The Results: The foundations used the paper as their key briefing document in a legislative hearing of California lawmakers. According to a senior program officer at the California Endowment, the paper made a compelling case to lawmakers and encouraged them to address the issue of health and student success.

report  | back to top


Client: The University of Wisconsin at Madison

The Problem: Our client, the University of Wisconsin at Madison, needed help translating an article about technology and recovery from substance abuse into plain English. The report they had received was about a high-level think tank conference in which participants gave their best ideas for how emerging technology could help people recover from substance abuse. But our client was frustrated because a draft report had language that was too technical and did not clearly explain the meaning of the futuristic technology. Our client's key messages were getting lost.

The Solution: We talked to the project director to understand the main points that were important to get across. He clarified many questions, and with our prodding, added more details to flesh out stories to illustrate the technology.

The Results: Our piece was published in a journal that our client's target audience read. The director wrote to us to say, "You did an absolutely outstanding job! You turned a lousy draft into a great document."

report | back to top


6. Lessons Learned Reports

Client: The American Medical Association

The Problem: Our client wanted to capture and distill the lessons learned from an 8-year, $20 million program. The program established state coalitions around the country to reduce underage drinking and our client oversaw its implementation. The program was drawing to a close and our client worried that much of the coalitions' successful work would go unnoticed.

The Solution: To capture the key lessons from this ambitious and innovative project we created a comprehensive guidebook for other communities that want to start coalitions. We interviewed more than 40 participants - including the people who designed the program, those who oversaw it, those who ran it and even those opposed to the idea. These in-depth interviews yielded rich details about how to implement a difficult and often controversial program.

We condensed the information into 11 steps coalitions could use to start a successful coalition.

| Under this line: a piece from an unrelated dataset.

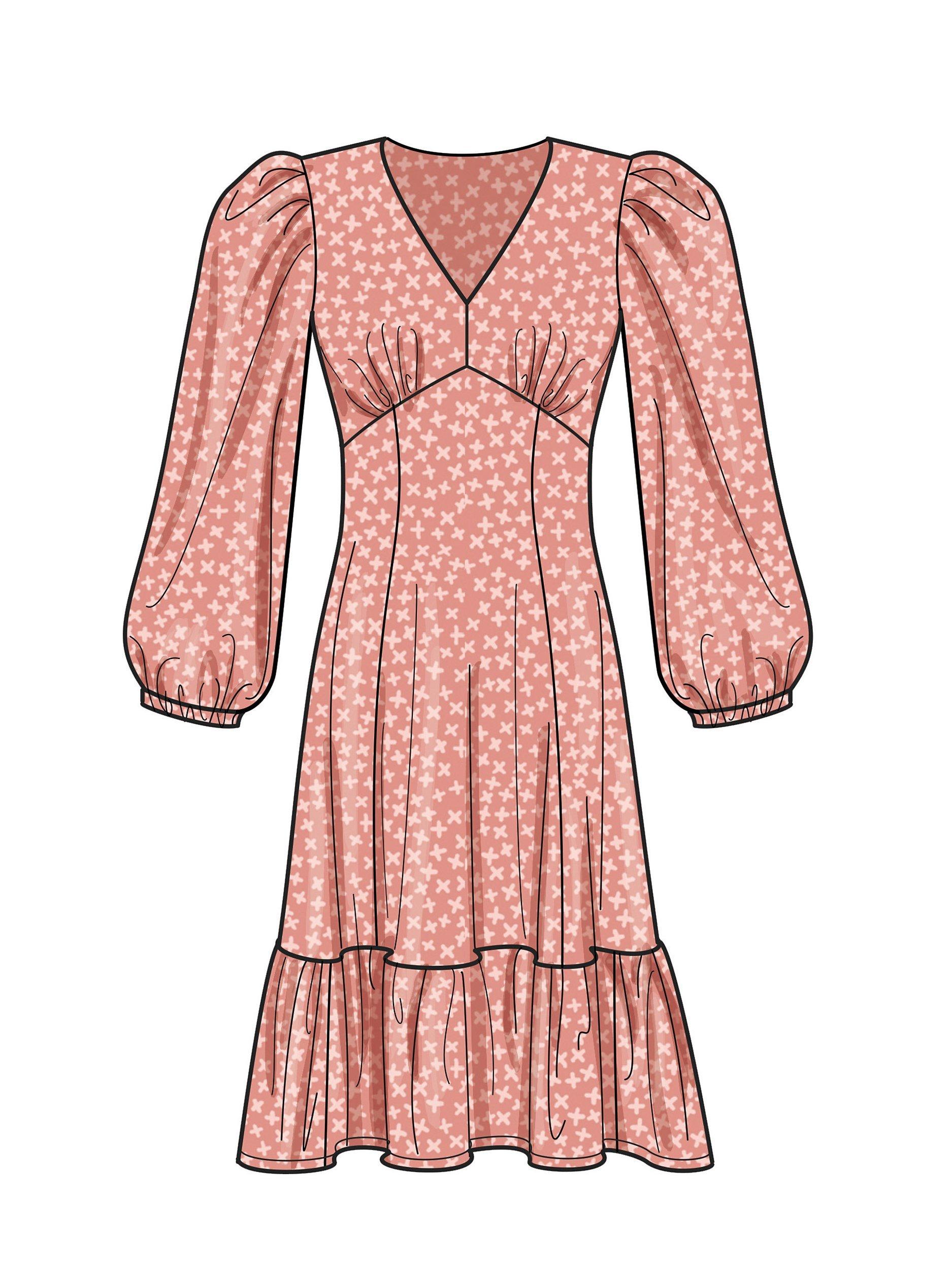 Dress has a shaped bodice and short puffed or long sleeves gathered at the wrist. Separate pattern pieces for A, B, C and D cup sizes.

We contracted with a graphic designer to create an appealing and eye-catching piece that was easy to read and follow.

The Results: The American Medical Association uses the guide as its key document to sustain the work of this successful national program. They distributed more than 10,000 copies of the guidebook. One coalition, after receiving a few copies, asked for additional 500 to help it in its work. The funder said that the guide met a critical goal - to provide a step-by-step guide of successful programs that can help others do this work.
lessons learned report | back to top


Client: The Robert Wood Johnson Foundation

The Problem: The Robert Wood Johnson Foundation (RWJF) funded ten hospitals and challenged them to transform their culture in ways that attracted and retained nurses and provided better patient care. The foundation, which was looking for solutions to address the nursing shortage, needed to capture the stories and lessons learned from these innovative and diverse hospitals to share with the field.

The Solution: We interviewed key participants at all ten hospitals, as well as RWJF program officers. We used the interviews to both tell the story of the ups and downs of cultural transformation at each hospital, and to synthesize lessons learned on the broader issue of hospital cultural change. 

The Results: The report provides practical lessons learned during this effort to change hospital culture over a short period. It tells the stories of individual hospital’s struggles and successes as well. By providing this key document, the Robert Wood Johnson Foundation helped hospitals seeking to address the nursing shortage learn from their innovative peers.